Yum! Brands Knocked Off Stride In China

By Stephen D. Simpson, CFA | January 09, 2013 AAA

For those investors who've been waiting for a pullback in perpetually expensive Yum! Brands (NYSE:YUM), here's your chance. Tougher consumer conditions in China, combined with a scandal related to excess antibiotics in chicken served by YUM's Chinese KFC stores, have led to a major slowdown in Chinese sales and taken the shares with them. Given that the impact of this scandal/scare will almost certainly be fleeting, this could be a rare opportunity to get shares at a more reasonable price.

Top Investment Trends For 2013: We go over a few investment trends for you to think about for 2013.
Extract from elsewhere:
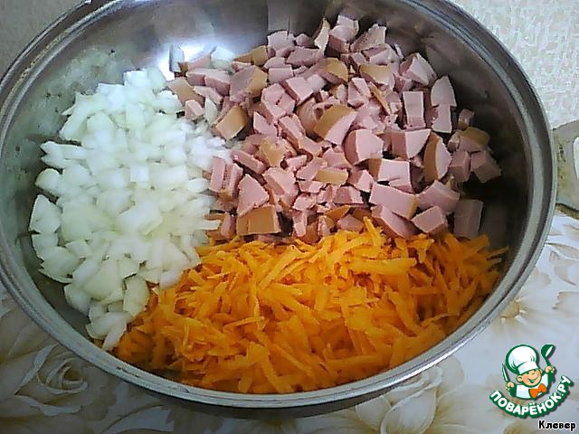 В другой сковороде жарим на растительном масле мин 10 натертую морковь, мелко порезанный лук и сардельки кубиками.

A Scandal Guts December Sales
Although value-priced quick service restaurants (QSRs) such as McDonald's (NYSE:MCD) and Yum! Brands actually outperformed during the U.S. recession, these companies are positioned at a different price point in markets like China and have seen their sales compressed by the tougher economic conditions.

To that point, Yum! Brands has been indicating for a while that fourth quarter comp sales would reverse the year-ago 21% gain. While Yum! had once thought sales would be more or less flat, the company revised that guidance to negative 4% before announcing Monday night that guidance was now for a 6% decline in Chinese comps, with comps down significantly in the last two weeks of December.

What has made a bad situation worse is a scandal involving two of KFC's small chicken suppliers. These suppliers have been found to use excess amounts of antibiotics in raising their chickens, and China Central Television broke the news. While the company has pointed out that this involves only two of 30 suppliers (and one was terminated as a supplier a little while ago), the report has also indicated that this happened before at Yum! Brands' KFC restaurants in prior years, with no notice given to the public.

SEE: Stock Scandals: Why Some Companies Survive

Will This Scandal Grow Legs?
It remains to be seen how far the impact of this scandal will go. While McDonald's used the same suppliers (and has also ended its relationship), McDonald's gets far less of its sales (as an overall percentage) from China than Yum! Brands.

It's also worth noting that this is not the first food safety scandal in China or for Yum! Brands in China. Back in 2005 Yum! Brands was found to be using the banned (and reportedly carcinogenic) Red Sudan 1 food dye in two of its dishes. Yum! Brands blamed a supplier, pulled the dishes, and ultimately only saw a momentary disruption in sales.

Elsewhere, the entire Chinese dairy industry saw a major scandal back in 2008 over melamine contamination. While consumption momentarily plunged (as did the stocks of companies in the industry), players like China Mengniu Dairy (OTC:CIADF) have continued to grow rapidly - even with additional scandals since then (including contaminated feed and altering expiration dates).

Said differently, the Chinese consumer seems to be relatively forgiving when it comes to these matters. That's really not too surprising. While a handful of companies in the U.S. have been badly hurt by contamination or food poisoning outbreaks, the reality is that companies such as Unilever (NYSE:UL) and ConAgra (NYSE:CAG) have withstood these problems in the past. That leads me to believe that Yum! Brands will not see any lasting damage from this development, particularly if the company is careful to appear dutifully concerned and chastened in front of the Chinese public.

SEE: Playing The Sleuth In A Scandal Stock

The Bottom Line
While Yum! Brands' slowdown in China is a known problem for Q4 earnings and likely a threat to 2013 growth, I don't believe it changes the long-term value picture all that much. Provided that Yum! Brands can continue to grow its revenue at a mid-to-high single-digit rate and improve its free cash flow (FCF) margin into the mid-teens (as the company's need for aggressive new store construction slows relative to its established base), these shares should be worth $70 or more.

That doesn't make the stock a screaming bargain today, but these shares rarely get very cheap. While there could be more downside from here (if the scandal/economic issues start chewing into 2013 or even 2014 expectations), the long-term risk/reward would seem to favor adding Yum! Brands at these levels.

At the time of writing, Stephen D. Simpson did not own shares in any company mentioned in this article.